Turning river rubbish into money in Bangladesh
New work led by Practical Action is set to improve marine and animal life, human health and create wealth for thousands of waste workers in Bangladesh.
A new Pyrolysis plant is converting single-use plastics collected by waste workers from homes, businesses, dumps, and rivers in Faridpur. The plastics are turned into light synthetic fuel oil and black carbon-which is tiny black particles which can be sold as printing ink.
A Pyrolysis plant is a recycling machine that can convert vast amounts of plastic waste into oil or fuel.
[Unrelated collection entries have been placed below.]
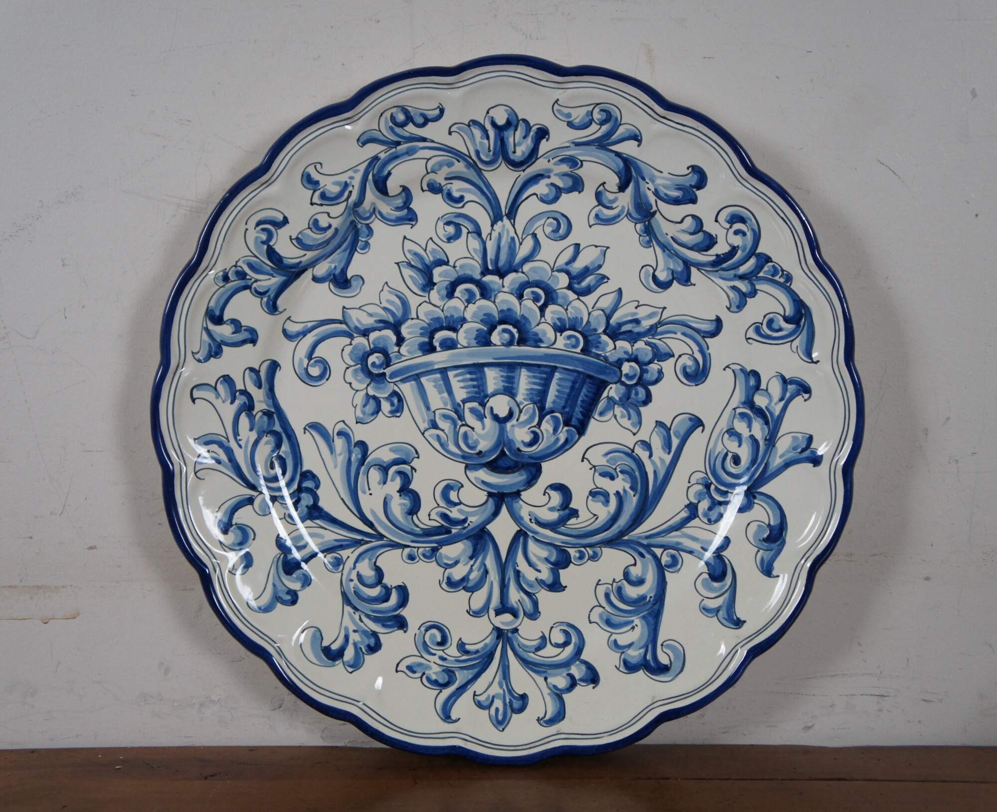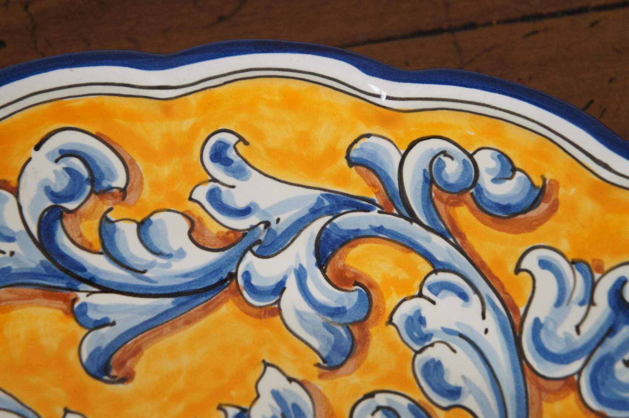 Set of 5 vintage Mexican / Spanish folk art pottery platters / chargers by J.A. Froilan. All platters are the same size, round with lightly scalloped edges and drilled holes in the back edge for wall hanging / display. All feature slightly differeing designs in a harmonious motif of vases / baskets filled with flowers / fruit and surrounded with swirling leaves. Two are in simple blue and white, and three feature yellow-orange backgrounds.
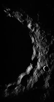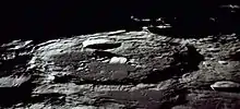 The lunar terminator is the division between the illuminated and dark hemispheres of the Moon.[6] It is the lunar equivalent of the division between night and day on the Earth spheroid, although the Moon's much lower rate of rotation[7] means it takes longer for it to pass across the surface. At the equator, it moves at 15.4 kilometres per hour (9.6 mph), as fast as an athletic human can run on earth.
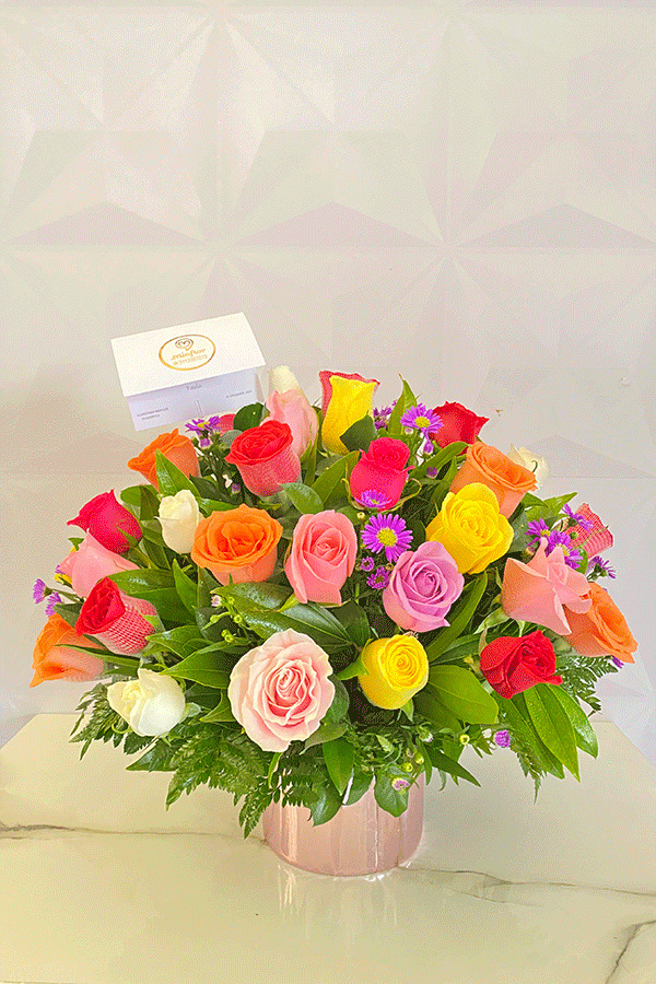 Rosas preservadas y Orquideas.
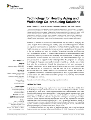 Technology for Healthy Aging and Wellbeing: co-producing solutions.
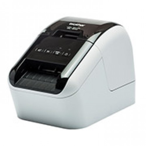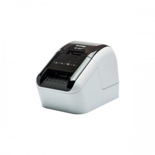 Impressora de etiquetas profissional Brother QL-800, que utiliza tecnologia térmica direta para imprimir etiquetas a preto e vermelho. Oferece alta velocidade de impressão (93 etiquetas por minuto) e suporta fitas com largura de até 62mm. Possui resolução de 300x600 ppp. Ideal para aplicações comerciais e industriais.
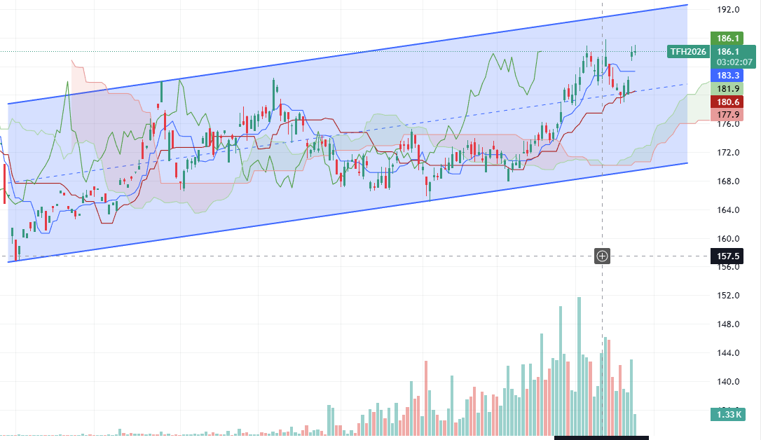 - Giá dao động 182 – 190 trong kênh tăng.
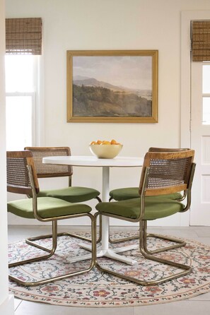 Our coffee bar is well stocked for all beverage lovers. We have a coffee machine for K-Cups, an Italian coffee maker (moka pot) for coffee grounds, and a tea kettle for loose leaf tea. Our Adult Beverage bar is home to a jigger, strainer, bottle opener, and stirring spoon. We also offer wine glasses, champagne flutes, cocktail glasses and Moscow mule mugs for our guests.
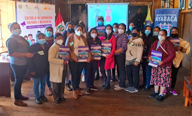 ERP. Un total de 42 mujeres lideresas participaron en la primera sesión de esta escuela que se lleva a cabo de manera descentralizada en los distritos de Suyo, Montero y Ayabaca, como parte del Proyecto de "Fortalecimiento de los gobiernos locales, comunidades y organizaciones de mujeres para garantizar una vida libre de violencias de género en Ayabaca" que ejecuta el Centro de la Mujer Peruana Flora Tristán y Apy Solidaridad en Acción.
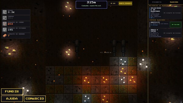 Quebre seus primeiros blocos com as mãos. Extraia minério bruto. Funda-o em lingotes. Reinvista. E recomece maior, mais fundo, mais rápido.

The waste management challenge in Bangladesh is daunting. Each year an estimated 800,000 tonnes of plastic waste are generated. A significant percentage also gets burnt on the side of roads contributing to Bangladesh’s poor air quality and releasing significant greenhouse gas emissions. While there is recycling of plastic bottles – most single-use plastics and soft plastics ends up in landfills, the local environment, or via Bangladesh’s many rivers into the ocean.
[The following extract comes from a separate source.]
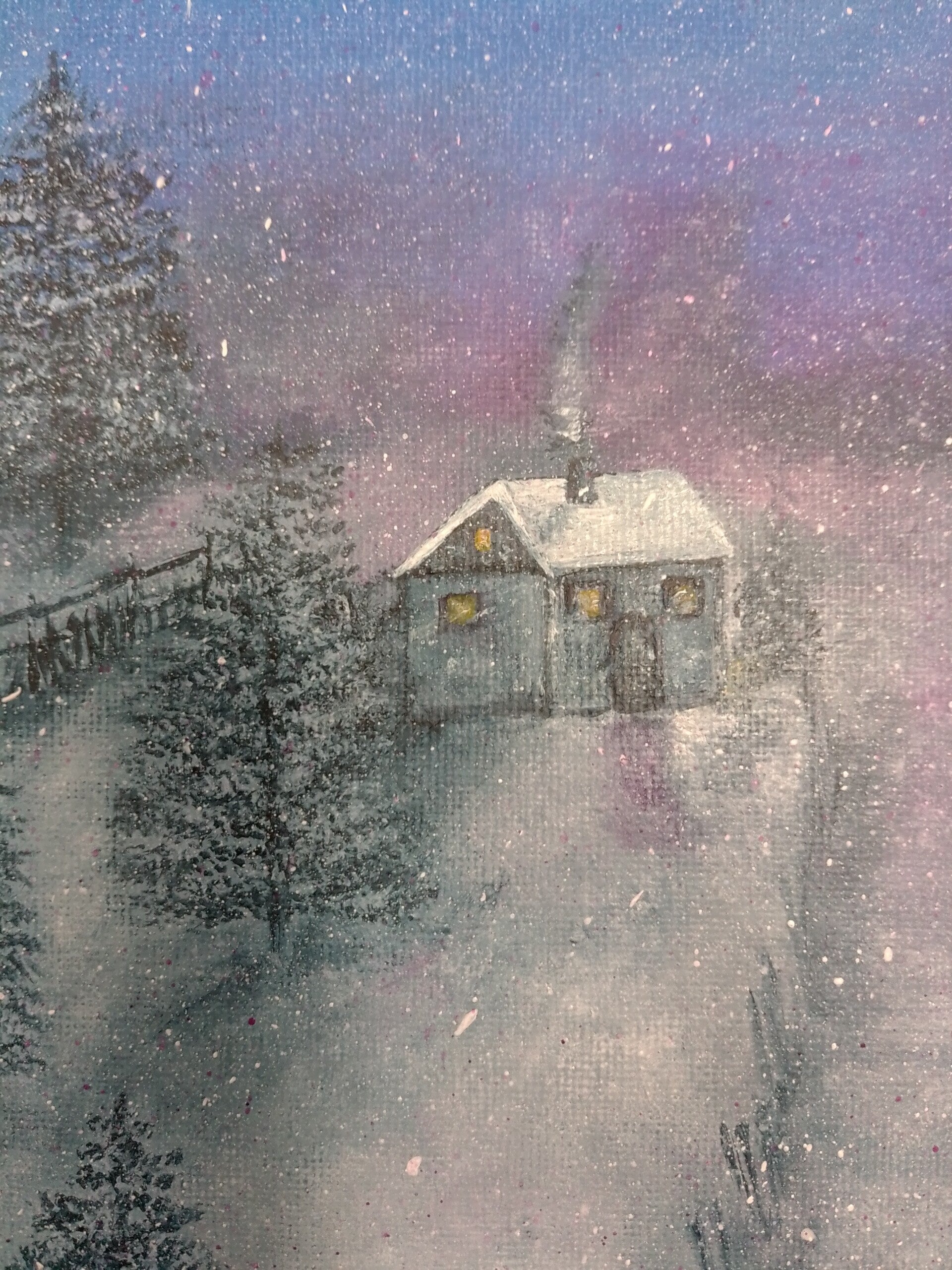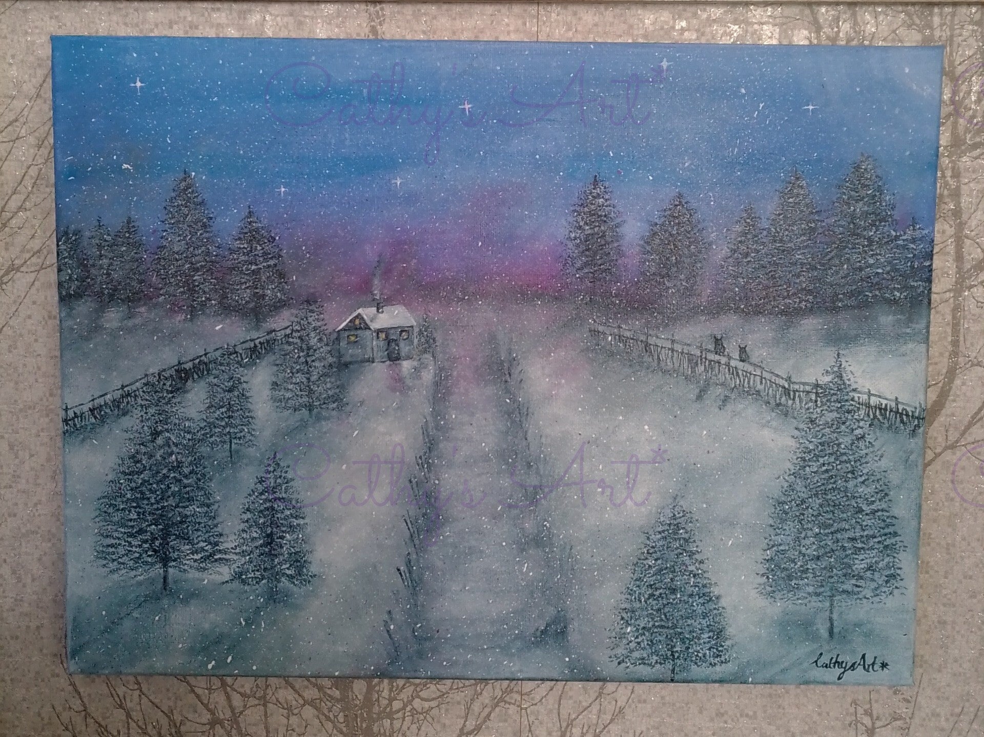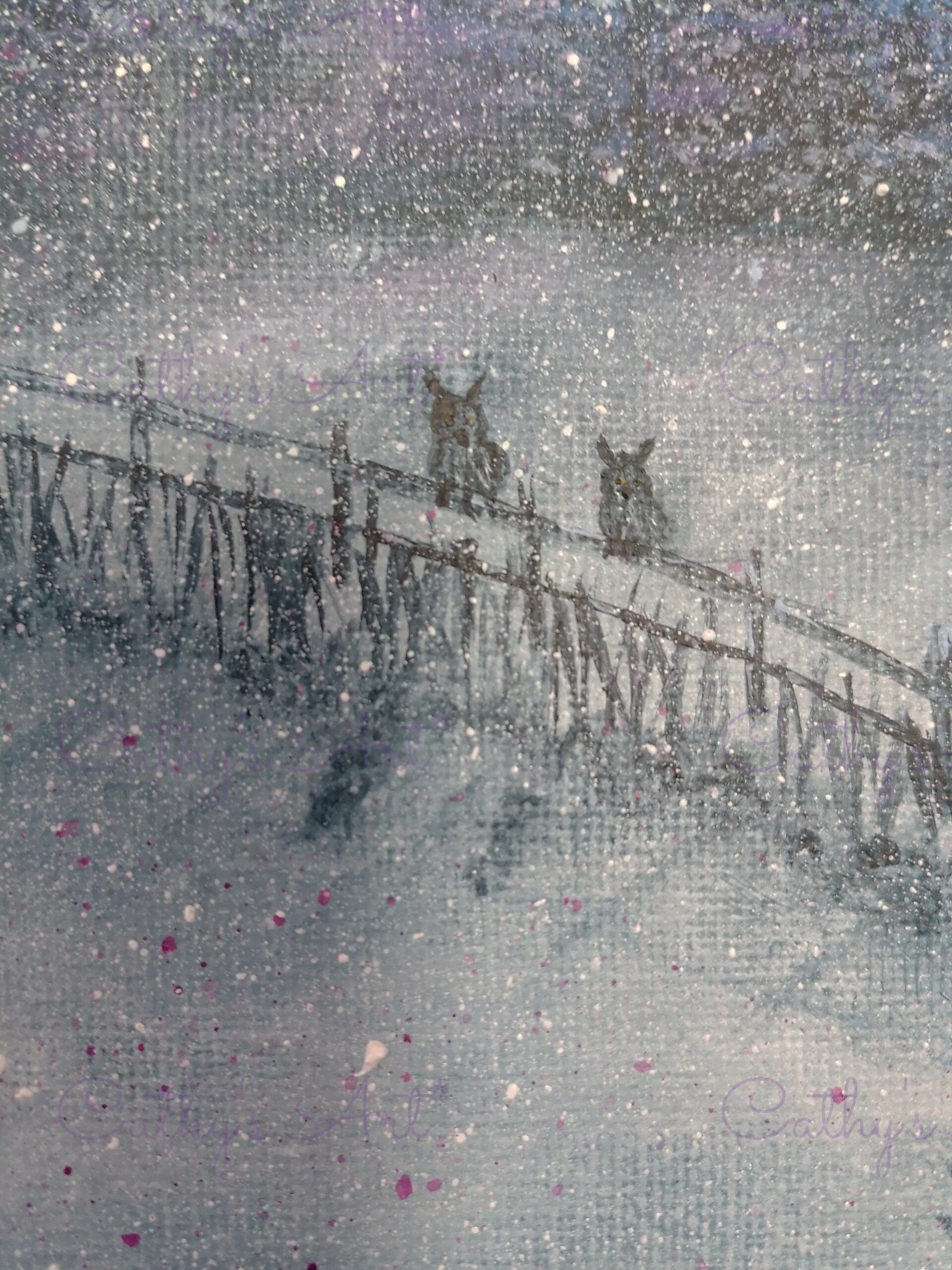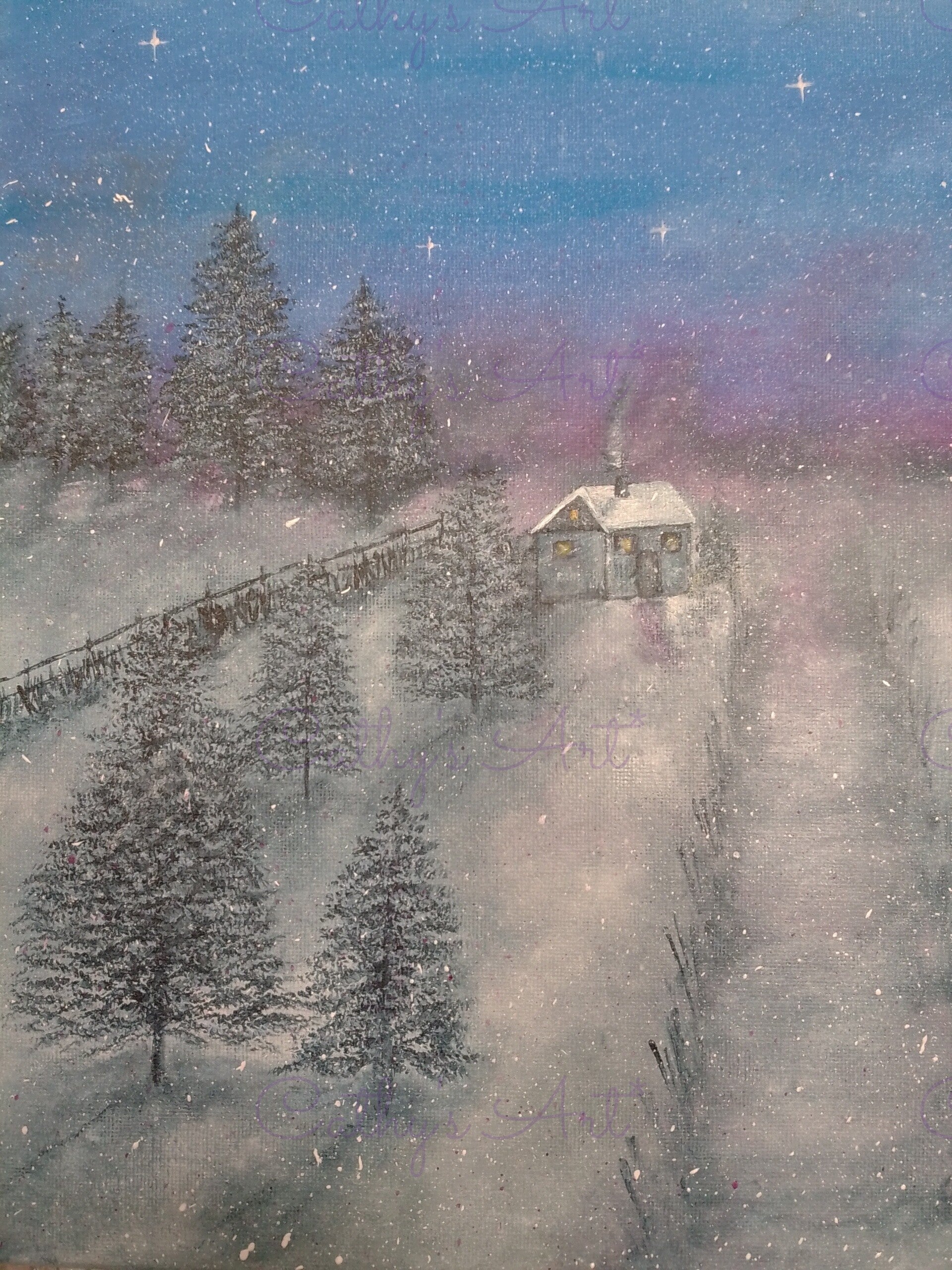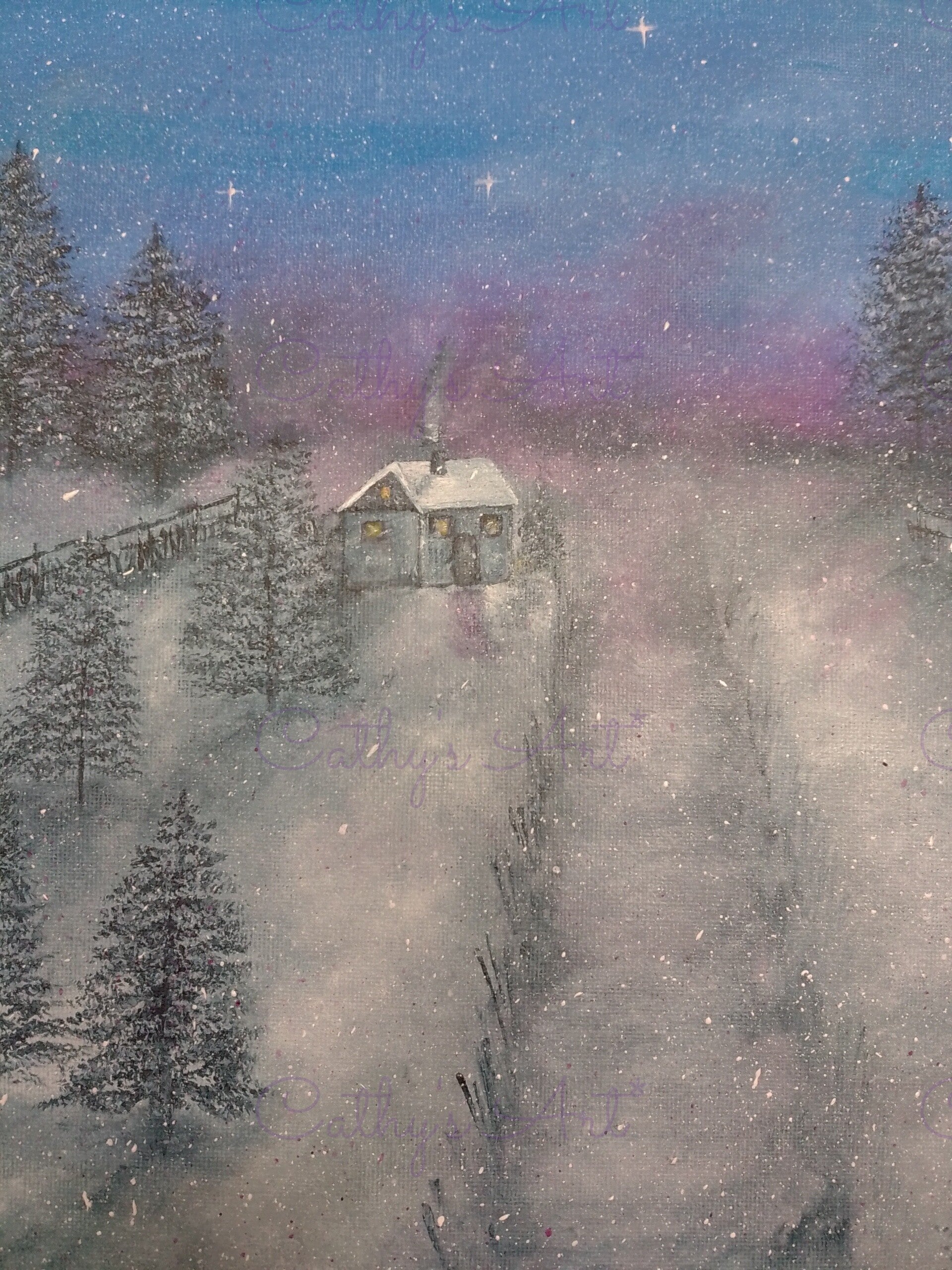 Introducing "Winters Eve", an original acrylic painting on a 12 x 16 inch stretched canvas. In colours of blues, white, greys, violet and black. The painting is a scene from my imagination, a starry evening sky, falling snow, snow covered fir trees and a cosy cottage, where smoke rising up from the chimney. Two little owls sit on the fence in this magical place ✨️

This is more worrying especially in cities such as Dhaka and Chittagong where 10% of daily waste is plastic, with less than half getting recycled.
Faridpur is home to nearly 500,000 people and generates 6.2 tonnes of single-use plastic waste daily equivalent to the weight of half a London New Routemaster bus per day.
The waste management challenge is not just a concern for Bangladesh. According to UNEP – UN Environment Programme, global municipal waste will increase to 3.8 billion tonnes per year by 2050 equivalent to a 8.6 million Boeing 747s, in the next 30 years, as more people move from rural areas into urban centres and what we consume continues to change.
The Faridpur plastic pyrolysis plant is expected to treat 360kg of thin-film plastic daily. That is 36% of a tonne to help tackle the waste management crisis for a region that is on the sharp end of the climate crisis.
Although this will not solve the plastic waste crisis in rivers, it will act as a living example of the sort of technology and approach needed to address it. Once the waste has a value for collectors, incentivising more sorting and collection, our commercial partner River Recycle will consider scaling up operations.
Practical Action has for several years been helping to resolve this issue by creating markets for rubbish. This is done with informal waste workers so that they are part of the solution.
Lucy Stevens, Practical Action Head of Urban Services said,
“Our approach to waste management is people-centred.
“We start by working with the many informal workers who are already at the heart of collection and recycling. They already have skills and connections to identify different types of waste and where they can be sold.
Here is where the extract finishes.